**WORK TO COMPLETE**: Would you output the listing exactly, with every image omitted?

**SUPPLIED INFORMATION**:
* * * * * * *
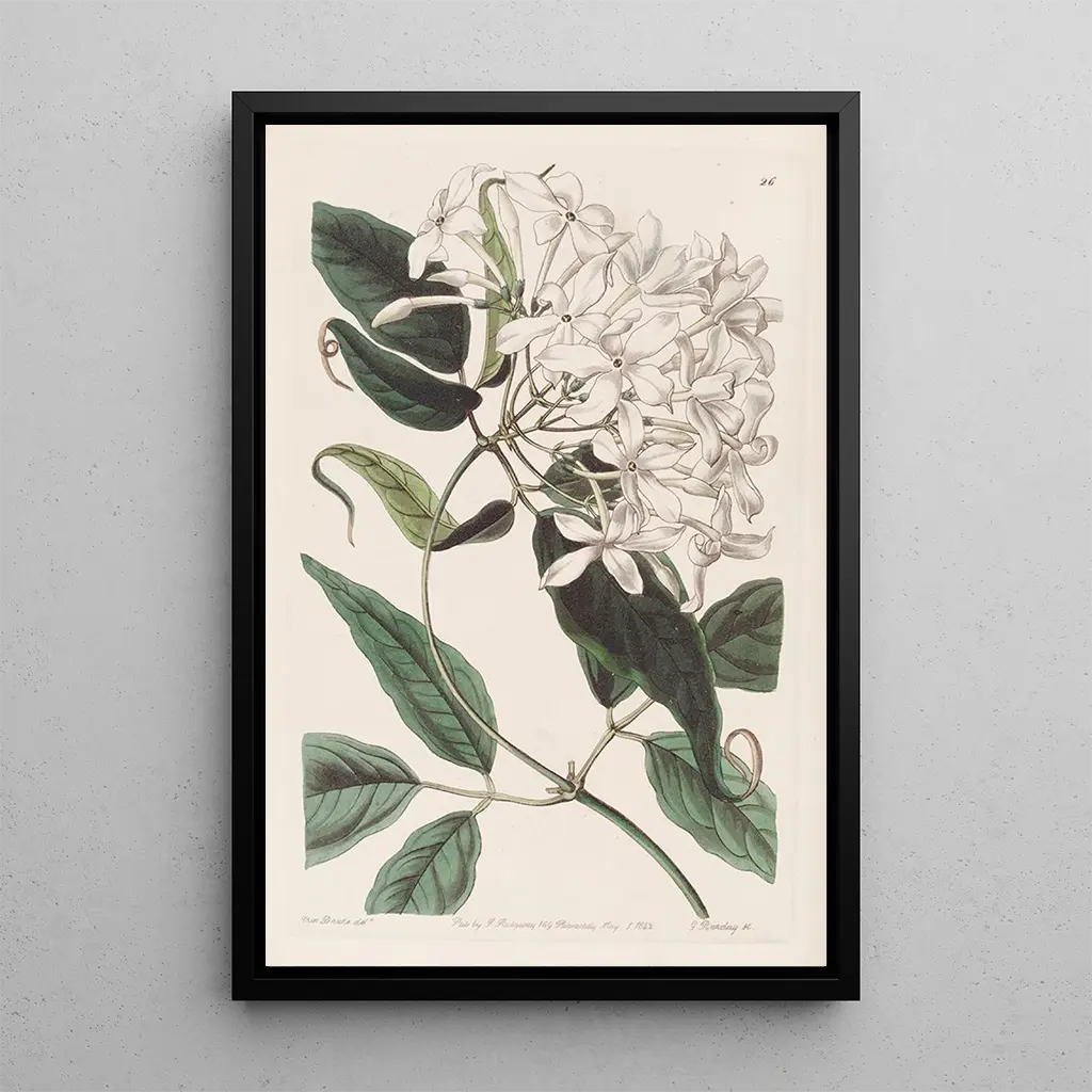 Le tableau Jasmin à feuilles de tilleul, signé par Sydenham Edwards, évoque une douceur florale empreinte de sérénité. Les teintes douces de blanc et de vert s'entrelacent, créant une ambiance légère et aérienne. La représentation précise des feuilles et des fleurs, avec une attention minutieuse aux détails, témoigne de l'expertise d'Edwards en matière d'illustration botanique. Chaque élément de cette œuvre semble respirer la fraîcheur du jardin, invitant le spectateur à plonger dans un monde de beauté naturelle. Cette toile est une véritable célébration de la flore, capturant l'essence même du jasmin.
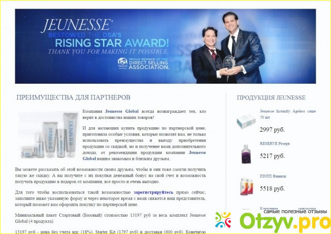 Jeunesse Global это совсем юная компания но, в тоже время которая очень быстро развивает своё присутствие на рынке интернет-торговли, особенно в его сетевой сфере. В нашу страну она пришла первого августа 2014 г. У неё в активе имеются инновационные продукты, которые не имеют аналогов во всём мире, множество запатентованных технологий, не которые из которых удостоены Нобелевской премии, в компанию входят многие известные доктора медицинских наук имеющие мировую известность.
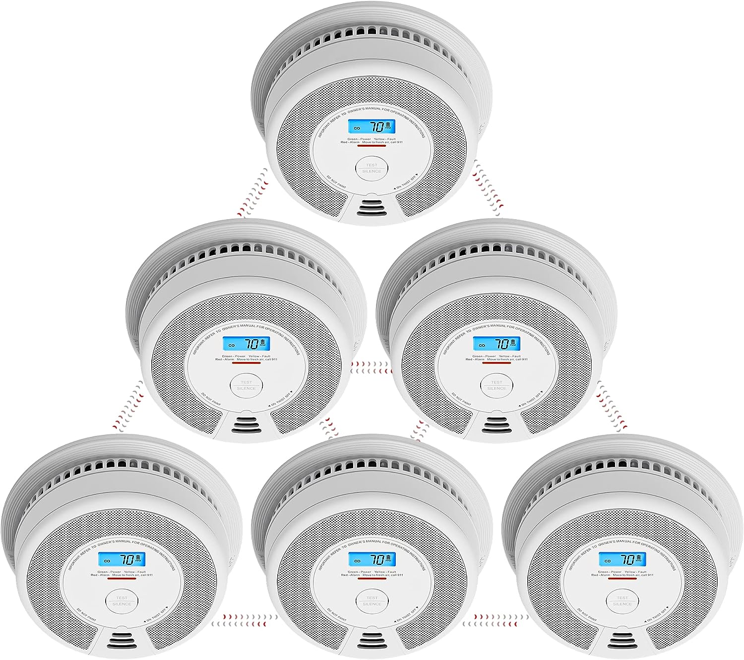 - Acil bir durumda, kaynak alarmı kırmızı renkte yanıp sönerken diğer üniteler kırmızı ve yeşil renkte dönüşümlü olarak yanıp sönecektir, böylece tehlikenin nereden geldiğini kolayca bulabilirsiniz.
* * * * * * *
**ANSWER BOX**:
 Le tableau Jasmin à feuilles de tilleul, signé par Sydenham Edwards, évoque une douceur florale empreinte de sérénité. Les teintes douces de blanc et de vert s'entrelacent, créant une ambiance légère et aérienne. La représentation précise des feuilles et des fleurs, avec une attention minutieuse aux détails, témoigne de l'expertise d'Edwards en matière d'illustration botanique. Chaque élément de cette œuvre semble respirer la fraîcheur du jardin, invitant le spectateur à plonger dans un monde de beauté naturelle. Cette toile est une véritable célébration de la flore, capturant l'essence même du jasmin.
 Jeunesse Global это совсем юная компания но, в тоже время которая очень быстро развивает своё присутствие на рынке интернет-торговли, особенно в его сетевой сфере. В нашу страну она пришла первого августа 2014 г. У неё в активе имеются инновационные продукты, которые не имеют аналогов во всём мире, множество запатентованных технологий, не которые из которых удостоены Нобелевской премии, в компанию входят многие известные доктора медицинских наук имеющие мировую известность.
 - Acil bir durumda, kaynak alarmı kırmızı renkte yanıp sönerken diğer üniteler kırmızı ve yeşil renkte dönüşümlü olarak yanıp sönecektir, böylece tehlikenin nereden geldiğini kolayca bulabilirsiniz.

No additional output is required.